» Problem to solve
Copied exactly and without pictures, the lines from the beginning of the entries through the one that holds "Ruby Red Stone" should form the entire reply.
== Segment start ==
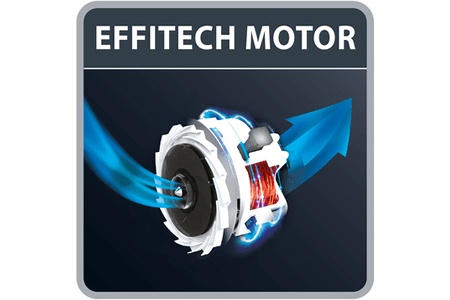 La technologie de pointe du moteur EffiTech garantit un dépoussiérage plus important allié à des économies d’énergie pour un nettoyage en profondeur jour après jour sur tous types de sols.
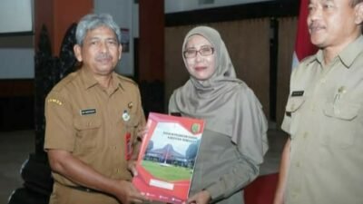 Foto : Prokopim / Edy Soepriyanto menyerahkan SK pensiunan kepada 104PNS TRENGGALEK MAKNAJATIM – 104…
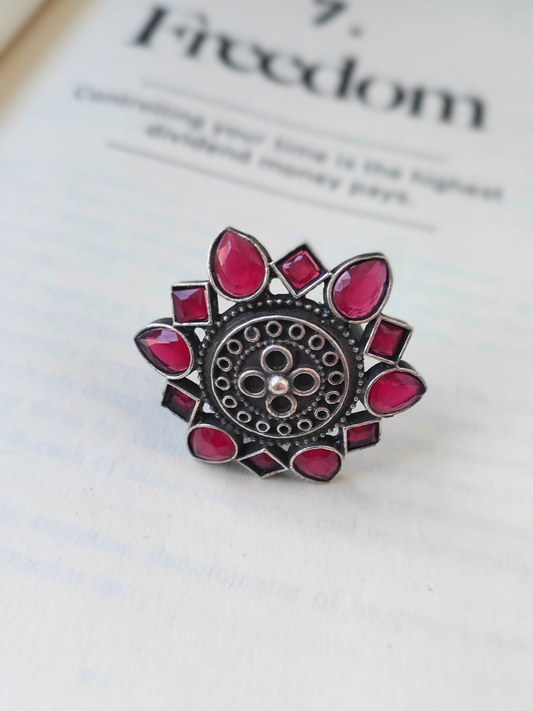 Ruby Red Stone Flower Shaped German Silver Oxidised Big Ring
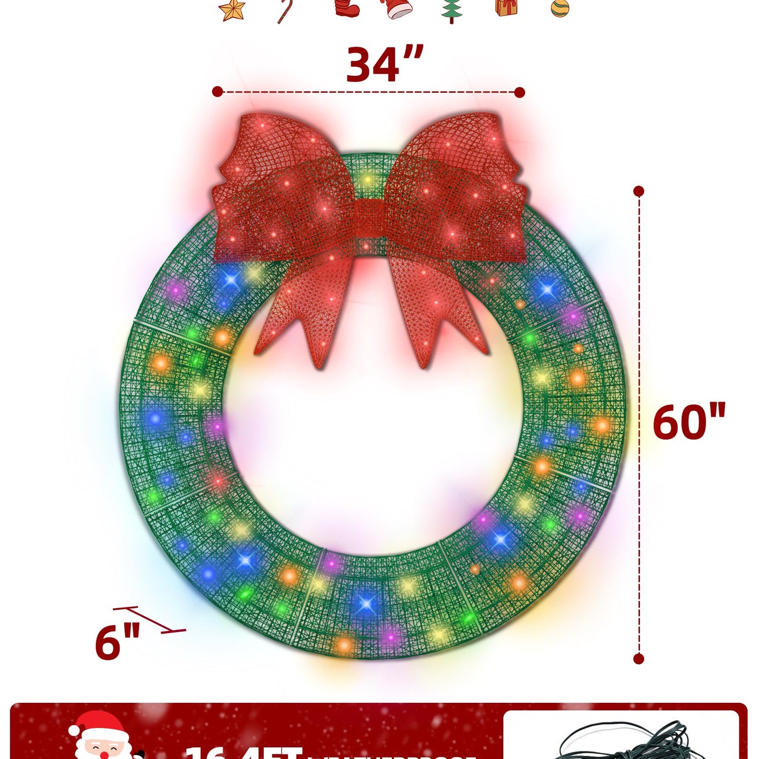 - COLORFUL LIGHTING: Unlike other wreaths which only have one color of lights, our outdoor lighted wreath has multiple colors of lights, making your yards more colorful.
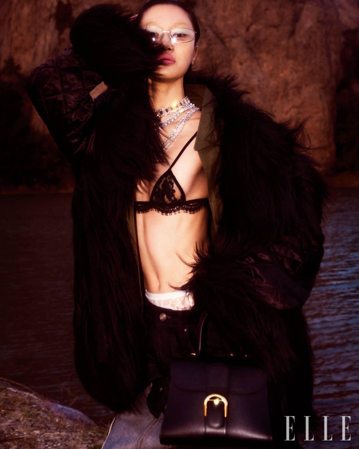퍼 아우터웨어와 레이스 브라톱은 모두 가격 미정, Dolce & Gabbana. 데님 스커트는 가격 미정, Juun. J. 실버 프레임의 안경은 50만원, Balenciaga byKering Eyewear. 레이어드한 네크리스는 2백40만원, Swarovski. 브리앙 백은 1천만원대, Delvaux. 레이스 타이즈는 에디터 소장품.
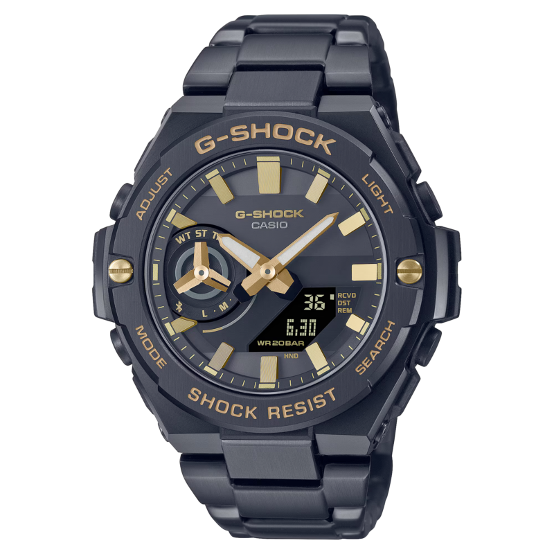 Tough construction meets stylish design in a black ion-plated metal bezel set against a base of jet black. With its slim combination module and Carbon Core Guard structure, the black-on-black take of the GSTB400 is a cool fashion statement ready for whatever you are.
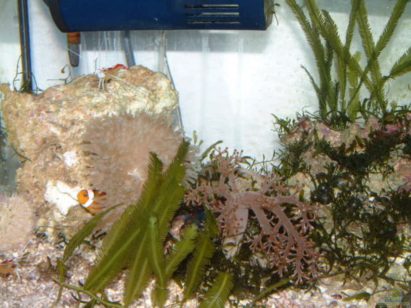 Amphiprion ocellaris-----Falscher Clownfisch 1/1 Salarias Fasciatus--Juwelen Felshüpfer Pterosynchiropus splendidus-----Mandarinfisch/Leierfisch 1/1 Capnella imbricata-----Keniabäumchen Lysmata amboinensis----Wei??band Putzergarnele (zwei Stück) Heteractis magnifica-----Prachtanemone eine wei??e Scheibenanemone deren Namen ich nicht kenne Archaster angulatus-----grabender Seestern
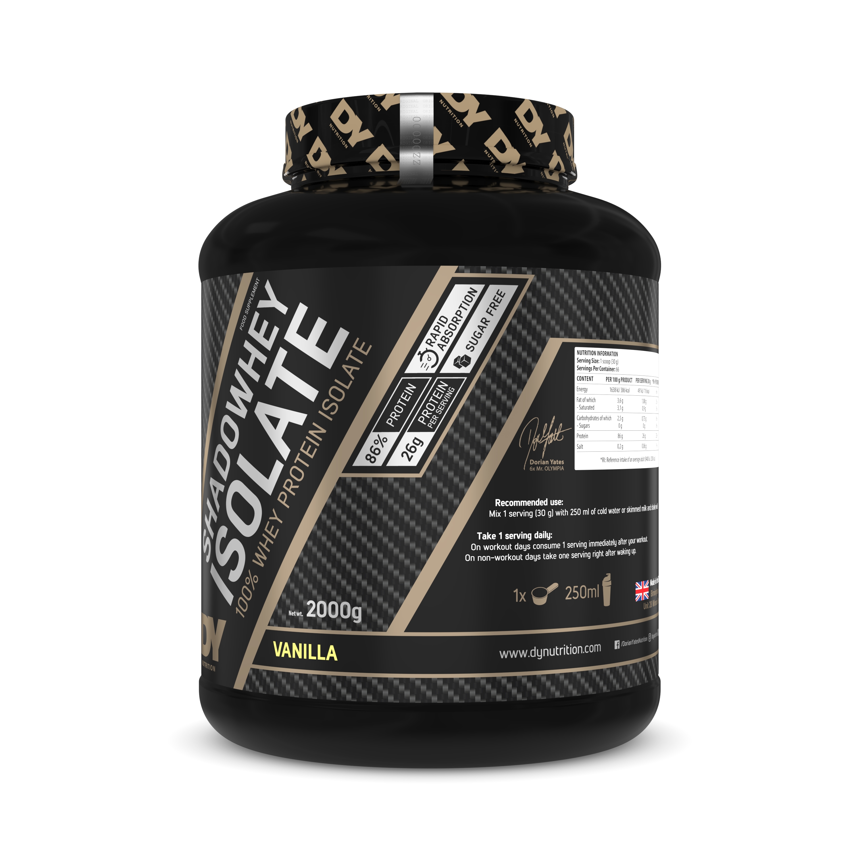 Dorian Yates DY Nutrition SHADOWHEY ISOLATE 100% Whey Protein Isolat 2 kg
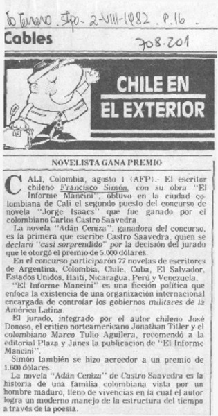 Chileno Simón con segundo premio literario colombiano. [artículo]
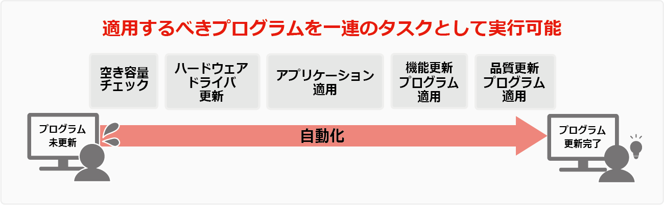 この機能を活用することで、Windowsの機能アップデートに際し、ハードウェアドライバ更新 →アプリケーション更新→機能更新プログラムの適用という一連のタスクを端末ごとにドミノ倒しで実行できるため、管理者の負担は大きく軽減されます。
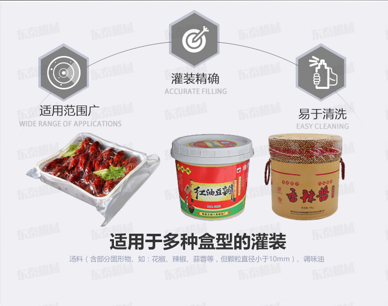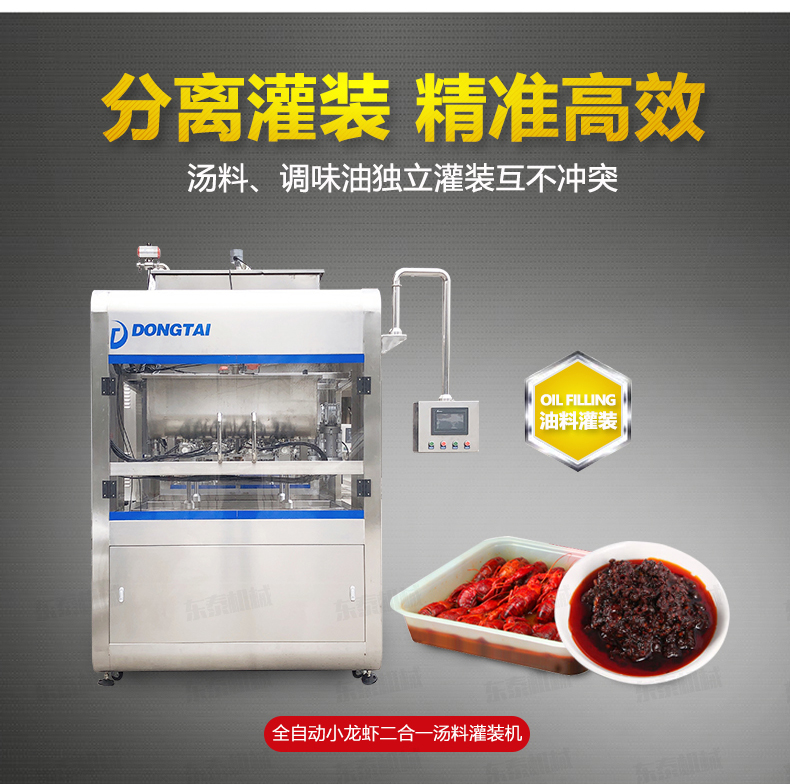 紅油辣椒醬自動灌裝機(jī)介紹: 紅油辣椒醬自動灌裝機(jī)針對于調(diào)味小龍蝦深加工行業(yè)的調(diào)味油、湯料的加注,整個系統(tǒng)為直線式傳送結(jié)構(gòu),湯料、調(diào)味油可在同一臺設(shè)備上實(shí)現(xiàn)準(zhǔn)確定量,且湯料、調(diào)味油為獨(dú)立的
== Segment end ==
» Solution to this task
 La technologie de pointe du moteur EffiTech garantit un dépoussiérage plus important allié à des économies d’énergie pour un nettoyage en profondeur jour après jour sur tous types de sols.
 Foto : Prokopim / Edy Soepriyanto menyerahkan SK pensiunan kepada 104PNS TRENGGALEK MAKNAJATIM – 104…
 Ruby Red Stone Flower Shaped German Silver Oxidised Big Ring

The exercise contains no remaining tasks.